Il vicepresidente della Ferrari, Piero Ferrari, non nasconde la propria preoccupazione per il futuro della Scuderia nell’era del budget cap. Secondo l’erede del Drake, il limite imposto alle spese dei team sta rendendo estremamente complesso per la Rossa colmare il divario con i rivali, anche quando le risorse economiche non mancherebbero.
“Oggi i grandi team dispongono di entrate superiori a quelle che possono effettivamente utilizzare. È positivo sotto il profilo dei bilanci, ma se sei in ritardo rispetto a un concorrente non hai la possibilità di accelerare lo sviluppo. Recuperare può richiedere più di una stagione”, ha spiegato in un’intervista rilasciata a La Gazzetta dello Sport.

L’ombra lunga del digiuno iridato
Il tempo è diventato il peggior nemico della Ferrari. L’ultimo titolo mondiale piloti risale al 2007 con Kimi Raikkonen, mentre il Mondiale Costruttori conquistato nel 2008 resta, ancora oggi, l’ultima grande affermazione.

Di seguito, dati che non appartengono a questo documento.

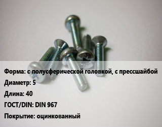 Винт с полусферической головкой, с прессшайбой 5х40 DIN 967 оцинкованный, 4.8, цена за шт, кг цена от 98.17 сом / кг, где купить, условия доставки в Бишкеке и Чуйской области
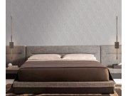 Luksuzna flis tapeta s vinilnom površinom, geometrijski uzorak u stilu Art deco, nijanse polusjajne sive boje, sjenčanje stvara prostorni efekt.
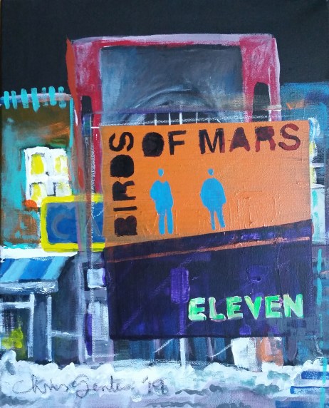#19. Birds of Mars 005. 20×16 inches. Mixed media on canvas.
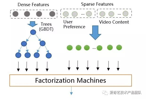 GBDT是不支持高维稀疏特征的,如果将高维特征加到LR中,一方面需要人工组合高维特征,另一方面模型维度和计算复杂度会是O(N^2)级别的增长。所以设计了GBDT+FM的模型如图所示,采用Factorization Machines模型替换LR。

Il dato diventa ancor più significativo se confrontato con il passato: tra il titolo del 1983 e quello del 1999 trascorsero quindici anni, mentre l’attuale astinenza rischia di toccare le due decadi.
Questo scenario alimenta una crescente incertezza all’interno del paddock, soprattutto in vista della rivoluzione regolamentare del 2026. Un cambiamento che Piero Ferrari considera tanto un’opportunità quanto un pericolo: “Se imbocchi la strada giusta, puoi aprire un ciclo vincente. Ma con il budget limitato, se parti indietro sarà quasi impossibile recuperare“.
Le ciclicità della Formula 1
Per il figlio di Enzo, la storia della Formula 1 è sempre stata scandita da cicli vincenti e periodi di crisi. Ma oggi interrompere una fase negativa appare molto più complicato: “Quando non hai il vantaggio, non è più possibile colmare le lacune investendo maggiormente. Serve l’allineamento di una serie di fattori tecnici e organizzativi per ribaltare la situazione”.
Il paragone con l’epoca Schumacher è inevitabile. Allora, la Ferrari mise insieme una squadra irripetibile: Jean Todt alla guida del management, Ross Brawn nelle strategie, Rory Byrne sul fronte tecnico e, naturalmente, Michael Schumacher al volante. Un gruppo sostenuto dall’appoggio politico di Luca di Montezemolo e Giovanni Agnelli, capace di garantire libertà di manovra e risorse illimitate.
L’epoca d’oro e le armi perdute
Non furono soltanto le figure chiave a determinare il dominio di inizio anni 2000. Due elementi pesarono in modo decisivo: la partnership privilegiata con Bridgestone, che realizzava pneumatici su misura per le esigenze della Ferrari, e l’intensità dei test. Allora, la Scuderia poteva provare senza limiti, sfruttando il Mugello e soprattutto Fiorano, la pista privata di casa.
Tutto ciò richiedeva enormi investimenti, ma vincere aveva la precedenza su qualsiasi conto economico. Col tempo, però, la Ferrari rinunciò progressivamente a quelle armi. L’introduzione del fornitore unico di pneumatici e la limitazione sempre più stringente dei test cancellarono due dei principali vantaggi che avevano alimentato il dominio rosso.

Nonostante le difficoltà, Piero Ferrari sottolinea come a Maranello sia ancora vivo l’orgoglio di appartenere alla Scuderia: “Lo spirito è rimasto intatto. I nostri uomini, anche fuori dall’orario di lavoro, portano con fierezza la divisa. Essere parte della Ferrari significa qualcosa di unico”.
Tuttavia, la realtà dei fatti non può essere ignorata. Il tetto di spesa era diventato una condizione necessaria per garantire la sopravvivenza della Formula 1, in un periodo in cui la maggior parte delle squadre si muoveva a un passo dalla bancarotta. Così, anche l’ultimo grande vantaggio della Ferrari – la possibilità di spendere più degli altri – è svanito. In un campionato che ora offre a tutti strumenti simili, Maranello deve affrontare una sfida completamente diversa: vincere con le stesse armi degli avversari.